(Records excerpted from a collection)
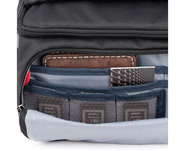 Está equipada com fechos YKK RC de elevada qualidade e ferragens metálicas resistentes. O bolso frontal com fecho facilita o acesso a acessórios e inclui um organizador interno. Dispõe de compartimentos dedicados e seguros para cartões CF, SD, XQD ou Micro SD, bem como bolsos laterais elásticos reforçados para acessórios adicionais.
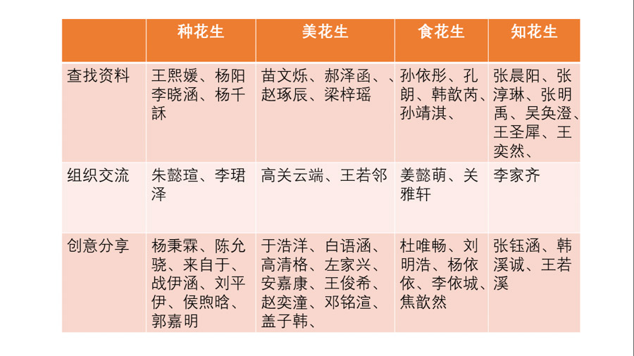 围绕“花生”,同学们集思广益,提出了种花生、美花生、食花生、知花生四个探索的方向。
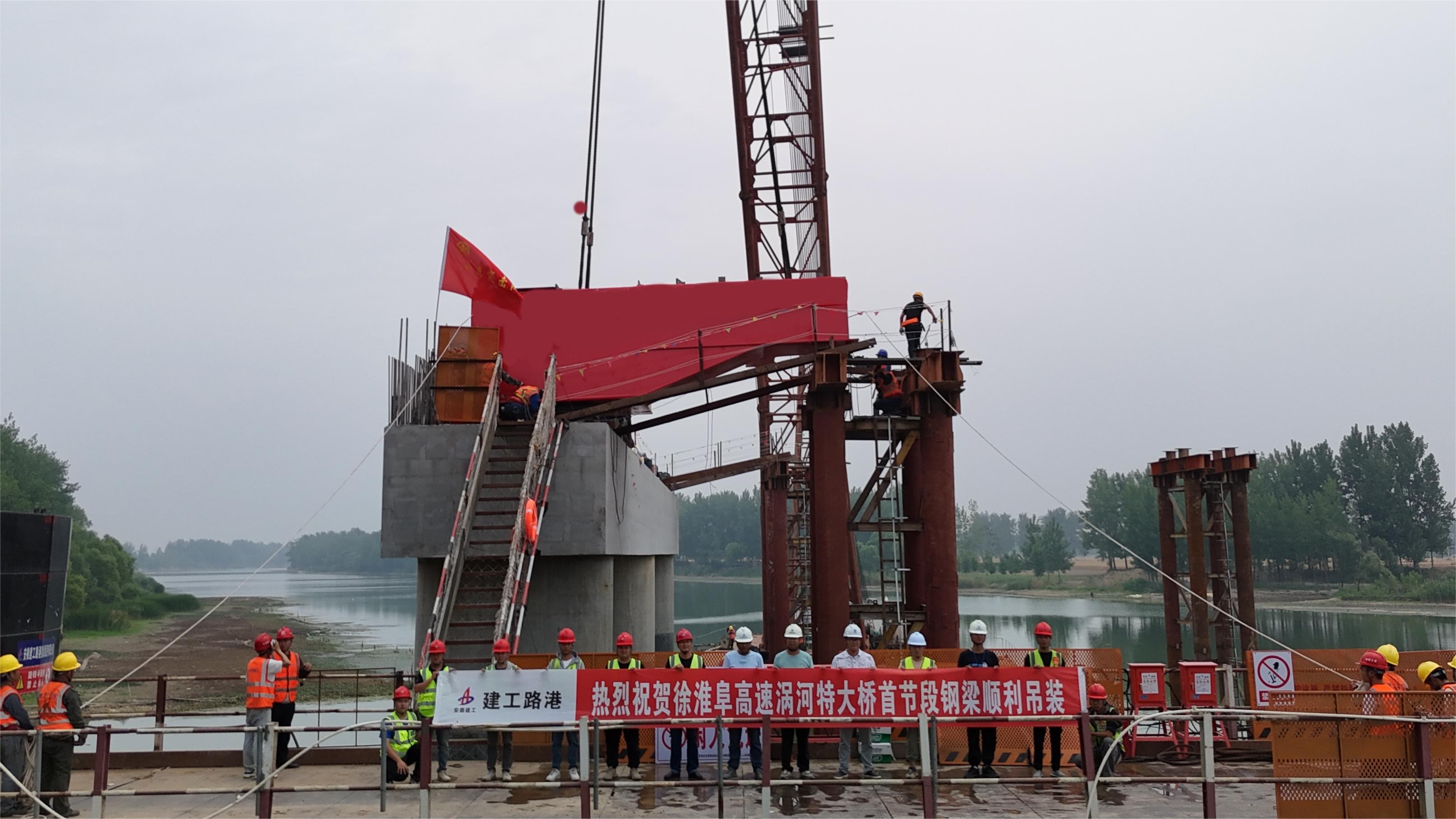 5月26日上午,建工路港徐淮阜高速亳州段路基03標渦河特大橋施工現場(chǎng)人聲鼎沸,隨著(zhù)浮吊緩緩升起,到平穩落下,渦河特大橋首節段鋼箱梁順利完成吊裝。
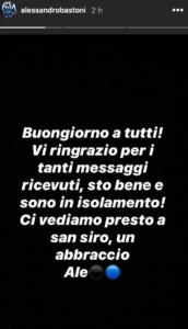 Il difensore dell’Inter, Alessandro Bastoni dopo esser risultato positivo al test del covid–19, attraverso instagram ha salutato i tifosi nerazzurri. Questo il suo breve commento in una stories: “Buongiorno a tutti! Vi ringrazio per i tanti messaggi ricevuti, sto bene e sono in isolamento. Ci vediamo presto a San Siro, un abbraccio”.
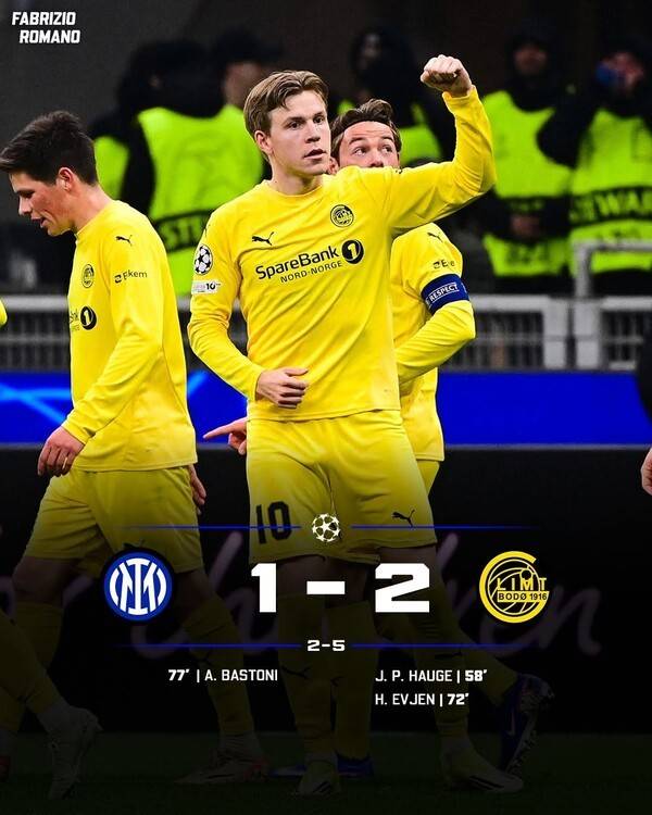 보되/글림트는 25일(한국시간) 이탈리아 밀라노 산시로에서 열린 2025/26시즌 UEFA 챔피언스리그(UCL) 녹아웃 플레이오프 2차전에서 인터 밀란을 2-1로 꺾고, 합계 스코어 5-2로 16강 진출에 성공했다.
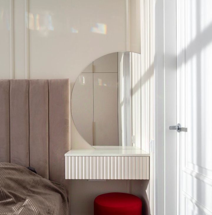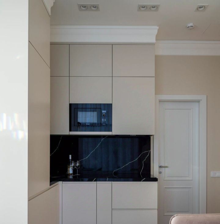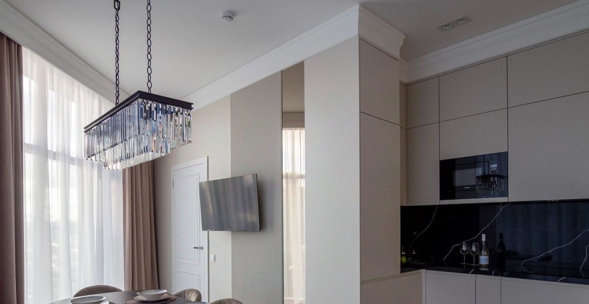 Интерьер — сдержанная современная классика без избыточности. Встроенная техника, продуманное хранение, качественные материалы. Пространство организовано так, чтобы поддерживать рабочий ритм и давать возможность переключаться.

* Work required
Reproduce exactly the part of the records above that begins at the line holding "보되/글림트는 25일(한국시간) 이탈리아" and ends at the final line, both included, leaving out the pictures.

* Response to the exercise
 보되/글림트는 25일(한국시간) 이탈리아 밀라노 산시로에서 열린 2025/26시즌 UEFA 챔피언스리그(UCL) 녹아웃 플레이오프 2차전에서 인터 밀란을 2-1로 꺾고, 합계 스코어 5-2로 16강 진출에 성공했다.
 Интерьер — сдержанная современная классика без избыточности. Встроенная техника, продуманное хранение, качественные материалы. Пространство организовано так, чтобы поддерживать рабочий ритм и давать возможность переключаться.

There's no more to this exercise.